British Protesters Aim To Get Green Day Song ‘American Idiot’ To No. 1 On Day Donald Trump Arrives In The U.K.

Trump had reportedly asked Prime Minister Theresa May to ban protests, which she denied.

British Protesters Aim To Get Green Day Song 'American Idiot' To No. 1 On Charts The Day Donald Trump Arrives
Kevin Dietsch-Pool / Getty Images

Trump had reportedly asked Prime Minister Theresa May to ban protests, which she denied.

The Green Day song “American Idiot” could be getting a second life in the U.K. thanks to Donald Trump.

This week, British protesters preparing for Trump’s first officials visit to England are leading a campaign to make the song No. 1 on the charts the day the president arrives. Initially conceived months ago when Trump’s visit was first announced, the campaign appears to be building steam and gaining plenty of support online to make it happen. The official Twitter page for the campaign has been instructing protesters to download and stream the song staring on Friday, which is the start of the week preceding Trump’s visit.

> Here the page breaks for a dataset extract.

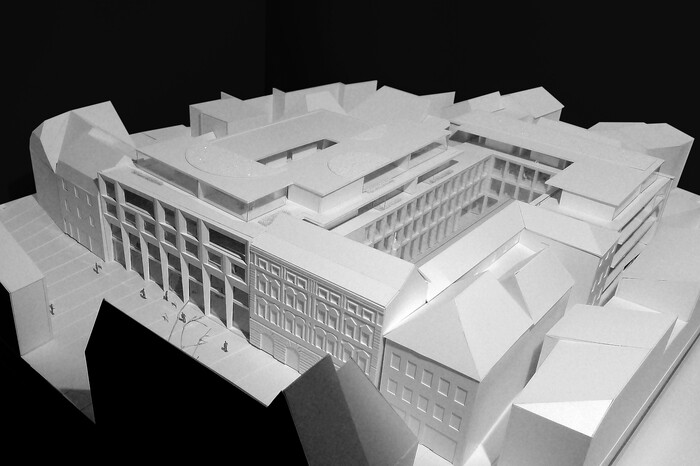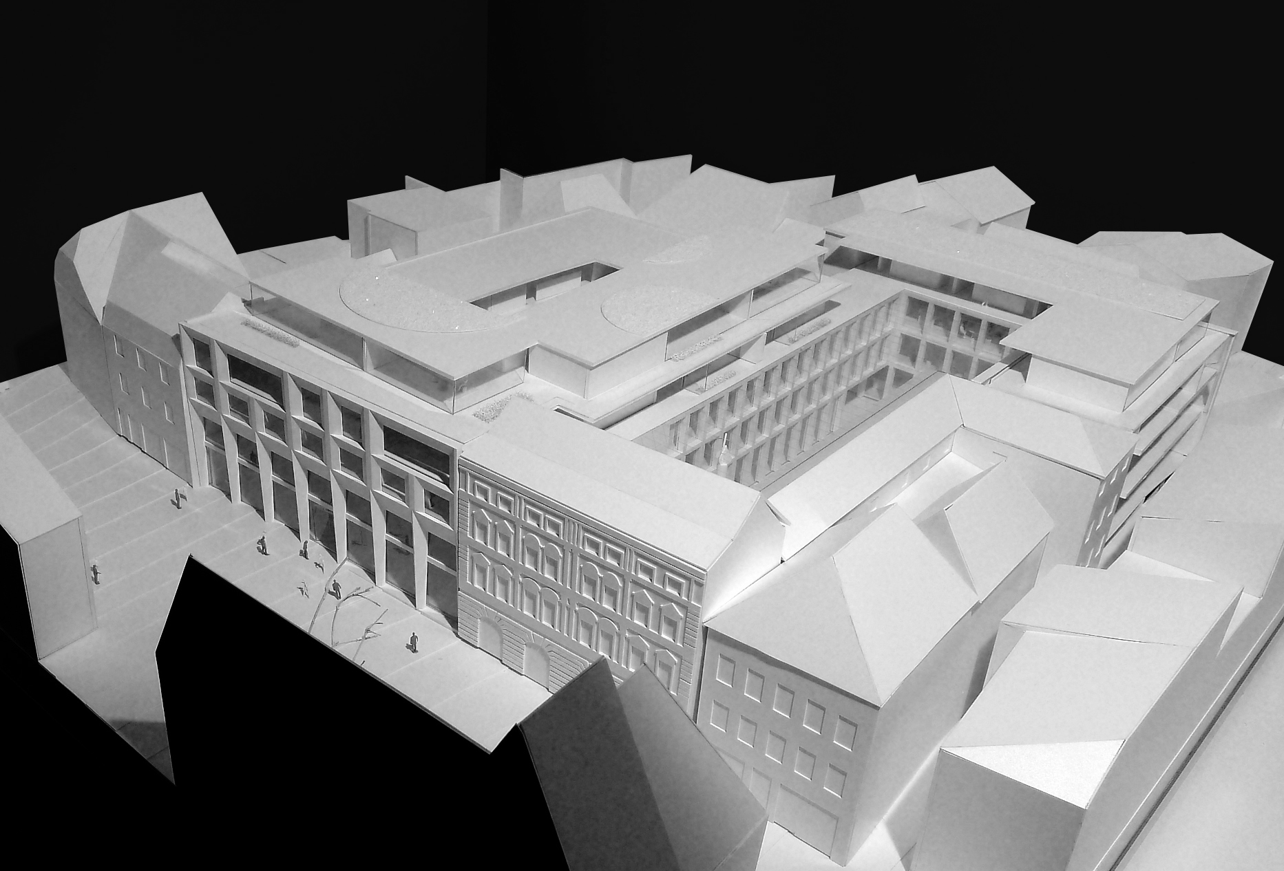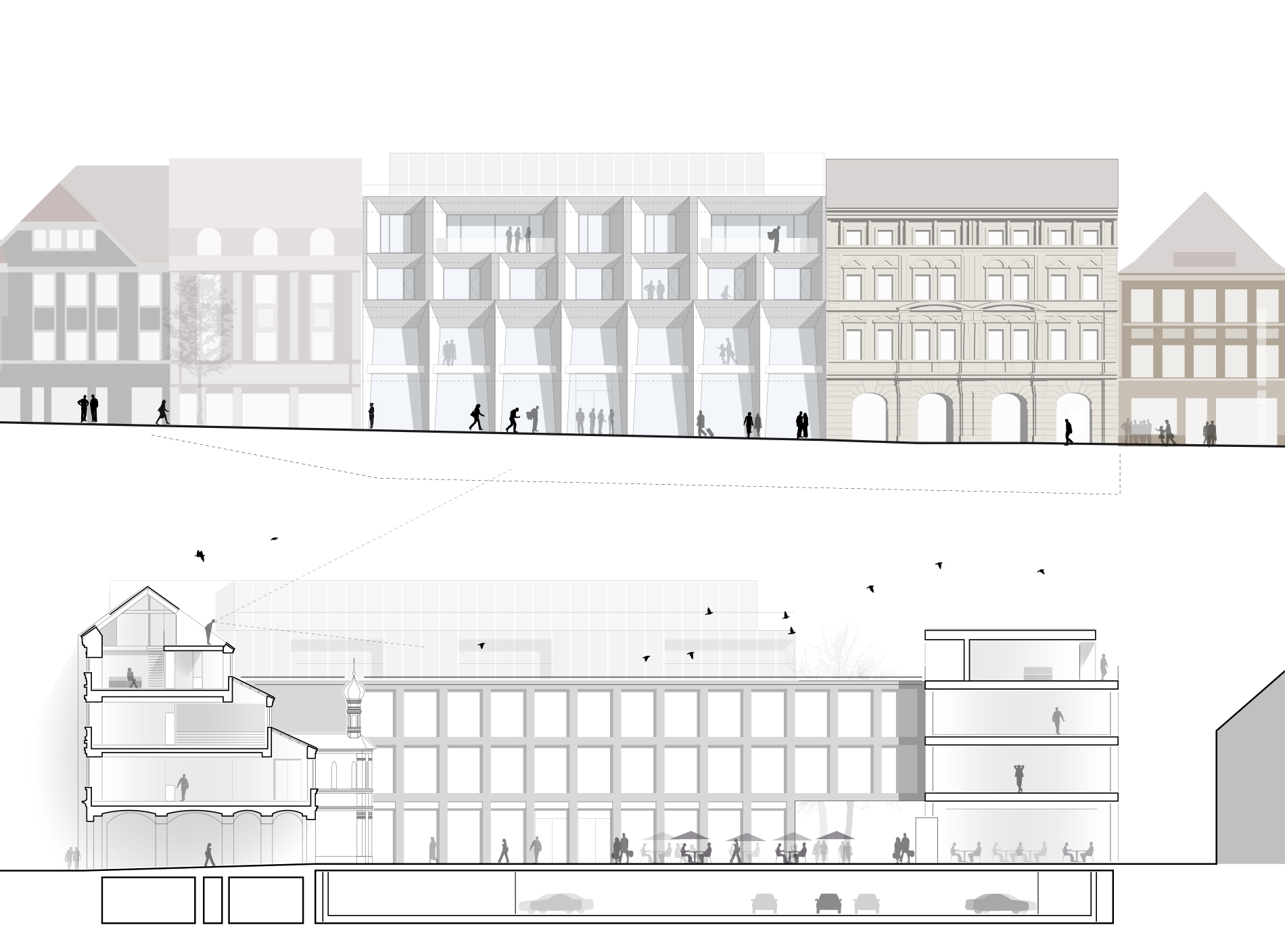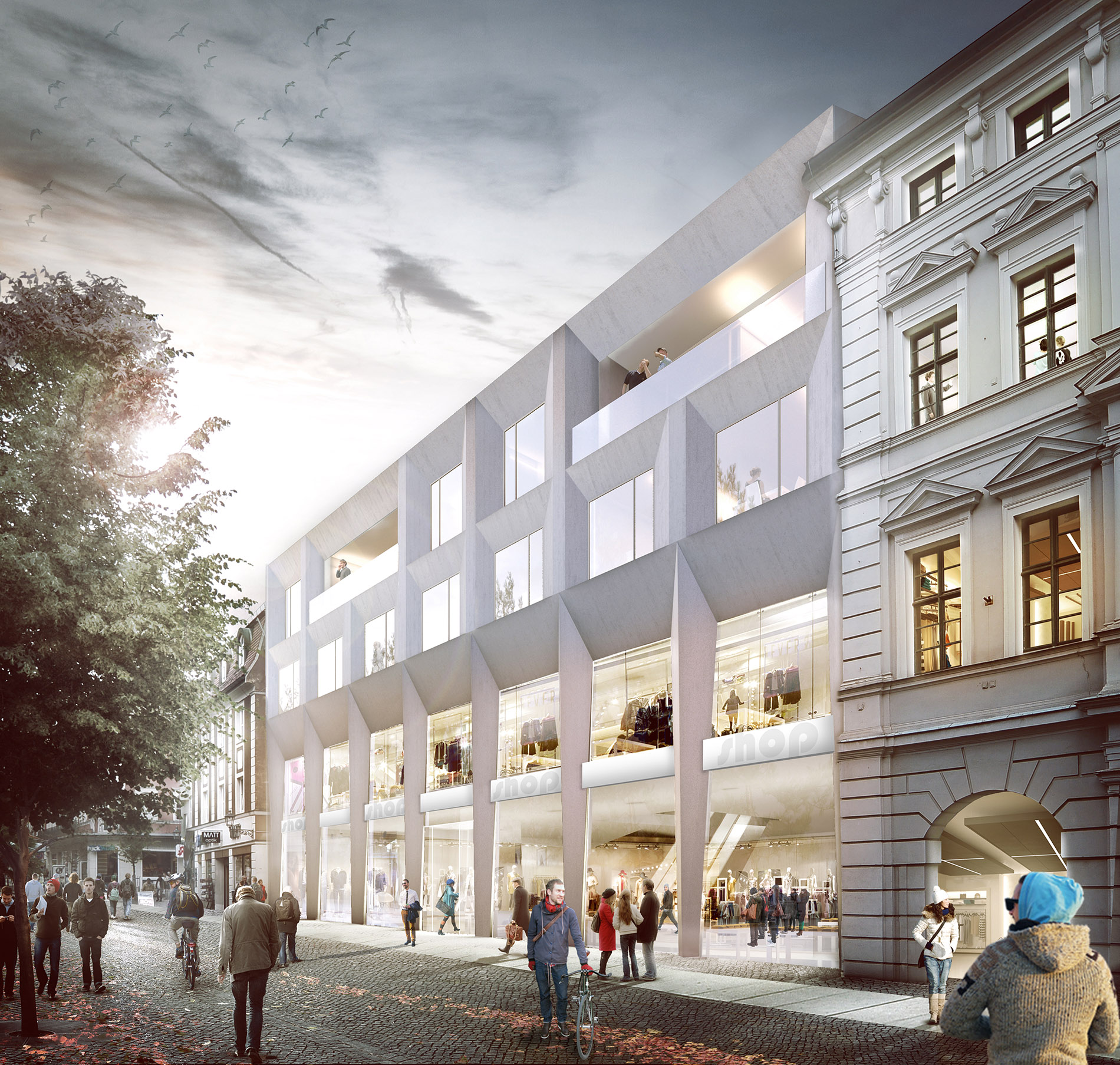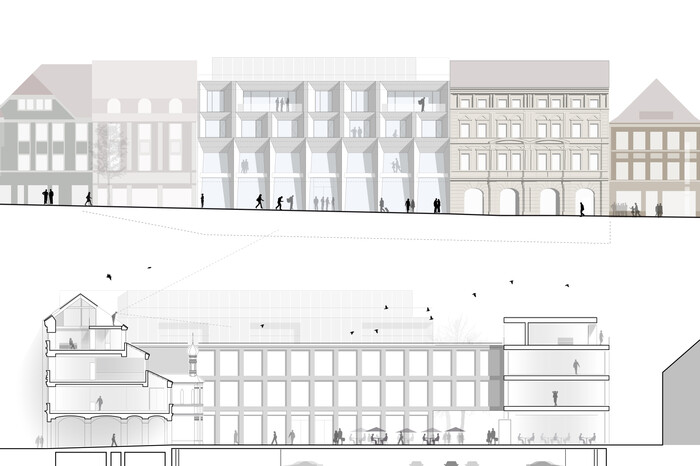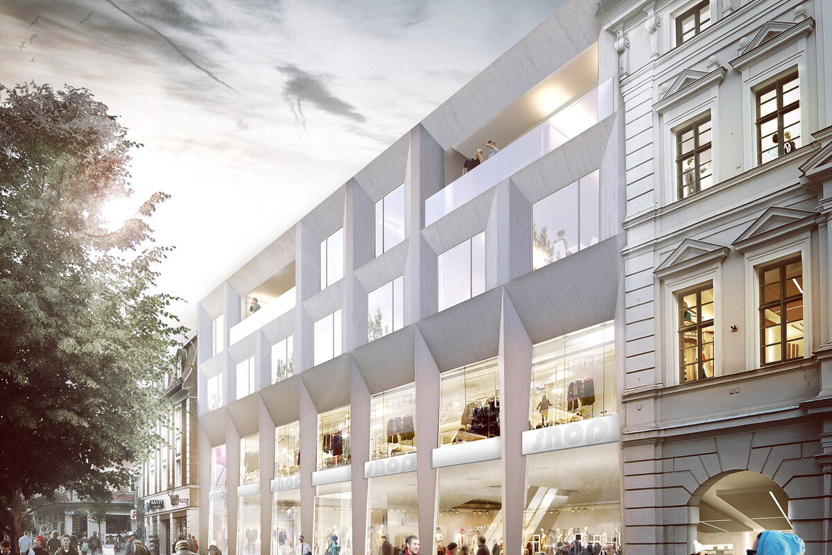 Das geforderte Bauvolumen für das Wohnen verteilt sich über zwei Etagen auf dem „Dach“. Hierdurch wird eine angemessene bauliche Körnung erreicht und eine engere Verzahnung mit dem historischen Stadtgefüge. Es entsteht eine „Dachlandschaft“, die ein ausgewogenes Verhältnis zwischen Außen- und Innenräumen schafft. Unter den Wohngeschossen liegt die Verwaltungsebene, im Erd- und ersten Obergeschoss Ladenflächen und Einkaufsbereiche. Die Fassadengestaltung nimmt klassische Motive aus der Amberger Altstadt auf, wie zum Beispiel die Fassadenstrukturen mit Sockelzonen oder die umrahmten Fensterflächen, und interpretiert diese neu.

There are a number of other protests planned for when Trump arrives in the U.K., including a giant “angry baby” balloon that will fly over London when Trump makes his visit.

This comes after reports that Trump told British Prime Minister Theresa May that he would not be making a visit unless she could guarantee that there would be no protesters. As Bloomberg reported, the demand shocked May’s advisers, and May reportedly denied the request.

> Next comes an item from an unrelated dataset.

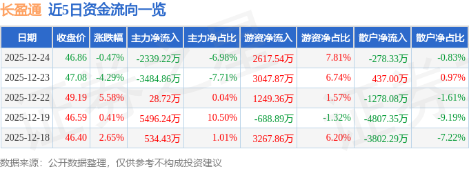 证券之星消息,截至2025年12月24日收盘,长盈通(688143)报收于46.86元,下跌0.47%,换手率5.83%,成交量7.13万手,成交额3.35亿元。

“May responded to say such treatment was simply the way the British press operate, and there wasn’t much she could do,” the report noted. “In the secure bunker underneath the prime minister’s office, her advisers listened in to the call in astonishment at Trump’s demand.”

Though it wasn’t written directly for Donald Trump, there is plenty of political bend behind the 2004 song at the center of the campaign. Green Day singer and songwriter Billie Joe Armstrong said he was inspired to write the song after watching cable news coverage of the Iraq War, which he compared to reality television.

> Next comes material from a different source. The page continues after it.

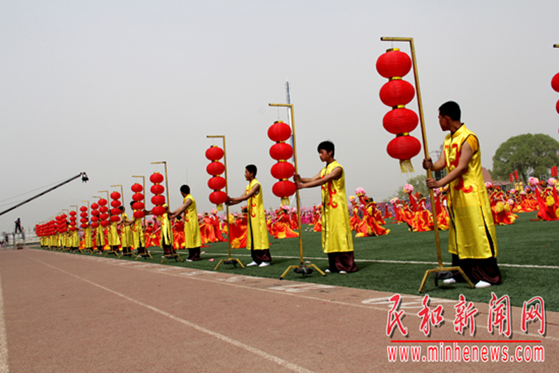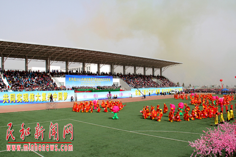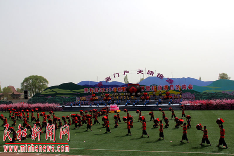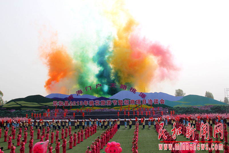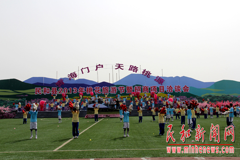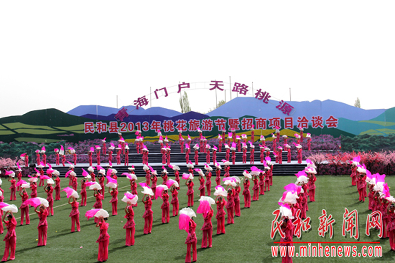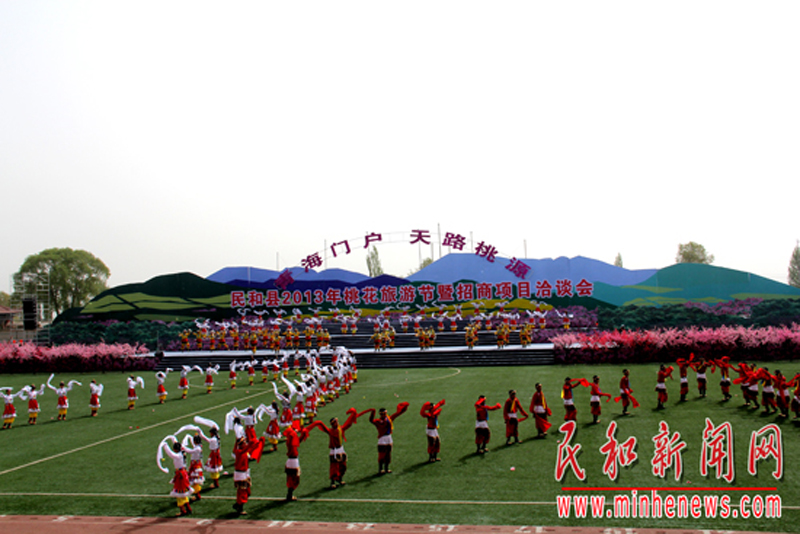 春风又绿河湟大地,桃红尽染青海门户。4月20日上午,民和回族土族自治县以“青海门户,天路桃源”为主题的2013年桃花旅游节暨招商项目洽谈会在民和第一中学体育场开幕。开幕式上,民和县隆重举行了以《灿灿桃花迎宾客》、《魅力家园展新姿》、《激情畅想新民和》等三个篇章为核心的大型文艺演出,展示了新民和建设的火红时代,奏响了民和42万各族人民在党的十八大和省第十二次党代会精神的指引下,发扬新民和精神,建设兰西经济区现代化区位中心城市奋进乐章。 开幕式上,民和县隆重举行了以《灿灿桃花迎宾客》、《魅力家园展新姿》、《激情畅想新民和》等三个篇章为核心的大型文艺演出,展示了新民和建设的火红时代,奏响了民和42万各族人民在党的十八大和省第十二次党代会精神的指引下,发扬新民和精神,建设兰西经济区现代化区位中心城市奋进乐章。(民宣 摄)

Armstrong said he felt like it was a dumbing down of Americans and wanted to speak out against it.

“In the beginning, right after 9/11 and watching the sort of tanks going into Iraq and these embedded journalists going in live, it felt like a cross between war and reality television,” Armstrong told Fresh Air host Terry Gross. “So I just felt this great sort of confusion, like, someone needs to say something…. For me, I felt this moment of rage and patriotism, I guess, if you’d want to call it that. So that wrote itself in probably 30 seconds.”

It was not clear if the campaign to get “American Idiot” to the top of the chart could gain enough steam ahead of Trump’s visit, but the idea is gaining popularity on social media with a little more than a week until Trump arrives.